Construction began in 1969, and was completed in 1974. However, the bridge did not open to traffic until April 30, 1976 due to numerous problems with the communities where the bridge's ramps to and from Richmond Street were located. The problems, including traffic and especially heavy trucks, were also related to the highway route's planned extension to the northwest from the Delaware River, across Northeast Philadelphia to connect with the Roosevelt Expressway. The cancellation of this extension, the planned Pennsylvania Route 90, known as the Pulaski Expressway, resulted in the so-called "Evel Knievel" ghost ramps with unfinished bridges and flyover ramps, some of which were later constructed to serve nearby Aramingo Avenue in Philadelphia's Bridesburg section. The route serves as a high-level multi-lane with six lanes, separated by a concrete median barrier, bypassing the three-lane Tacony-Palmyra Bridge, which has a drawbridge on the span.

Construction in 1988 connected the bridge to New Jersey Route 90, allowing drivers to use Route 90 to access Route 73, rather than via U.S. Route 130.

In 1997, work to construct new ramps to the Pennsylvania side began. It was completed in 1999.

The bridge has a total length of 8,485 ft, and a main span of 729 ft. Though originally constructed with eight lanes, the bridge was reduced to six lanes with two shoulders in 2000, a median barrier was also placed on the deck. The bridge is owned and operated by the Delaware River Port Authority.
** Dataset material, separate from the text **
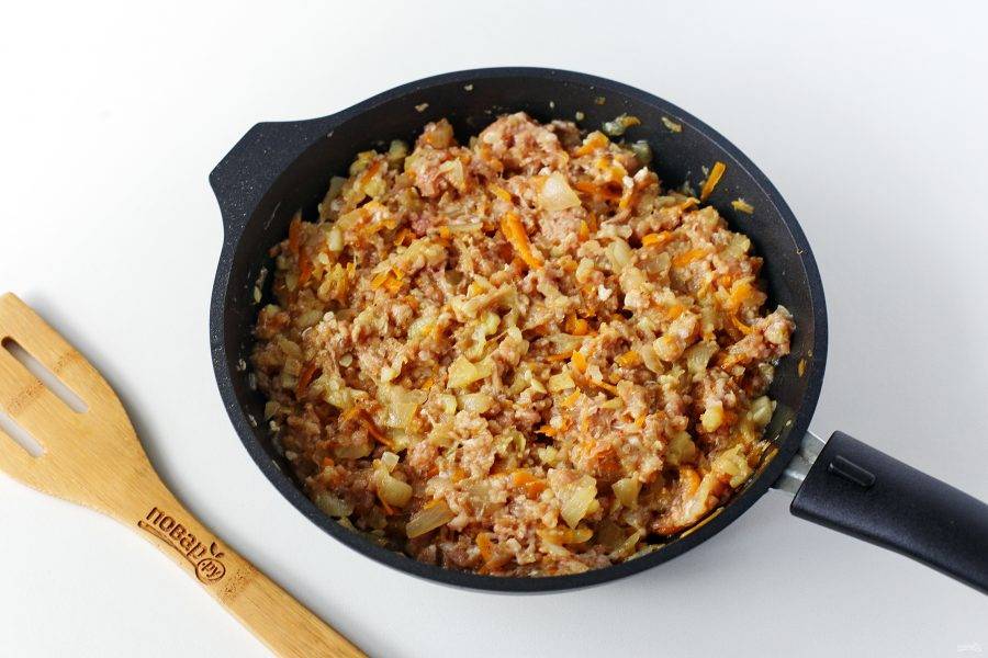 Затем снимите с огня и добавьте фарш. Перемешайте все до однородности. Начинка готова.

When approaching the exits from I-95 in Philadelphia for the bridge, drivers see signs referring to NJ Route 90. Beyond the toll plaza, which is on the New Jersey side, Route 90 continues as an expressway with maximum speed limit of 50 mi/h, and in a few miles ends with a merge onto southbound Route 73. The toll plaza (westbound tolls only) is 12 lanes wide, and since 2000 has been a participating E-ZPass facility.

==Tolls==
A $6.00 one-way toll is charged entering Pennsylvania for passenger vehicles (7000 lb or less gross vehicle weight). An $18 credit is given on a per tag basis for New Jersey-issued E-ZPass tags that crossed one of the four DRPA bridges 18 times in a calendar month. This discount had been suspended in 2010 but was since reinstated. Trucks, commercial vehicles, mobile homes, and recreational vehicles (weighing at least 7000 lb gross vehicle weight) pay $9 cash per axle. Seniors aged 65 and over can use a discount program to pay $3.00 per trip with New Jersey E-ZPass.
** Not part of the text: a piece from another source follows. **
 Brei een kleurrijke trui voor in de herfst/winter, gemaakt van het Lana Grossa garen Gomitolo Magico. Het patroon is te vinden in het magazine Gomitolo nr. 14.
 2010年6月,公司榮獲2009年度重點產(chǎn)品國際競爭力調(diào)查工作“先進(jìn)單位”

On July 17, 2024, the DRPA approved an increase in the toll for passenger vehicles from $5.00 to $6.00, which went into effect on September 1, 2024.

== Plans ==

In 2011, the DRPA initiated the process of awarding an engineering contract to plan out the redecking of the bridge, as the concrete deck, its asphalt overlay, and the joints between the concrete have deteriorated after 35 years of service. Upon approval of the contract by the DRPA Board, the study is expected to take 30 months. No cost estimates or time frame for the actual redecking project have been announced.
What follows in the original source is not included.